そして何故か反発心を覚えながら、3年前のマックスのパートナーの女性を思い出し、彼はさぞもてるに違いない、と思った。
彼はお金持ちで、成功者で、若く、美しい。そして会話も洗練されているし、悔しいことに女性の扱いも上手い。
その事をキャサリンは、うろ覚えではあるが身をもって知っている。

キャサリンの頭に、あの夜の事が蘇る。
ぞくりとして、胸の頂に熱が集まるのを感じた。
彼女はその感覚を拭い去る様に、こぶしを握りしめた。
キャサリンは、彼がそうやって多くの女性と一夜を共にして来たんだろうと思った。
パーティーで一緒だった女性とも同じ様に過ごしたに違いなかった。

「ああ、そうでしたね、モデル事務所の。ご一緒の方はとても美しい女でしたね、彼女の名前はなんだっ
 たかな」
ジョンは、彼の癖である眉根をもみつつ、思い出しながら言い掛ける。

マックスの瞳から、それまでの温和な雰囲気が消えた。
どうやらこの話題を続ける気は無いらしい。
ジョンはマックスの無言のプレッシャーにたじろぐと、話題を変えた。

「ああ、いやその・・・。

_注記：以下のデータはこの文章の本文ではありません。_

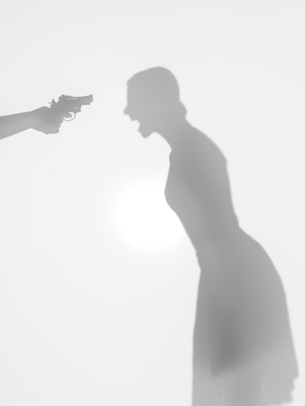 woman body silhouette standing and screaming, beeing thretened with a gun, behind a diffuse surface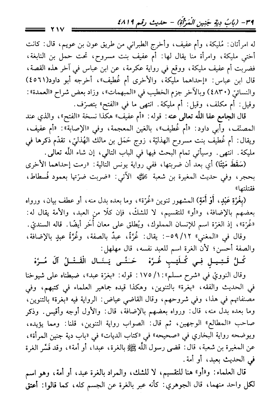 وَقَالَ النوويّ فِي "شرح مسلم": 1/ 175: قوله: "بغرّة عبد"، ضبطناه عَلَى شيوخنا فِي الْحَدِيث والفقه، "بغرة" بالتنوين، وهكذا قيده جماهير العلماء فِي كتبهم، وفي مصنفاتهم فِي هَذَا، وفي شروحهم، وَقَالَ القاضي عياض: الرواية فيه "بغرة" بالتنوين، وما بعده بدل منه، قَالَ: ورواه بعضهم بالإضافة، قَالَ: والأول أوجه وأقيس. وذكر صاحب "المطالع" الوجهين، ثم قَالَ: الصواب رواية التنوين، قلنا: ومما يؤيده، ويوضحه رواية البخاريّ فِي "صحيحه" فِي "كتاب الديات" فِي "باب دية جنين المرأة"، عن المغيرة بن شعبة، قَالَ: قضى رسول الله -صلى الله عليه وسلم- بالغرة، عبدا، أو أمة"، وَقَدْ فَسَّر الغرة فِي الْحَدِيث بعبد، أو أمة.

ところで、ミスター・コナーズ、先程おっしゃっていた、東南アジアでの不動
 産の件ですが、そちらをどのようにお進めになりたいと、お考えでしょうか」

マックスはジョンの従順な対応に満足した様に、唇の端を上げ、微笑みをジョンに向けると、横に座っている彼の秘書を見た。
阿吽の呼吸でフランツ氏が詳細について語り始める。

場は、完全にマックスに支配されていた。
ピピコムを世界的企業に押し上げた彼にとって、このぐらいの事は造作も無いのだろう。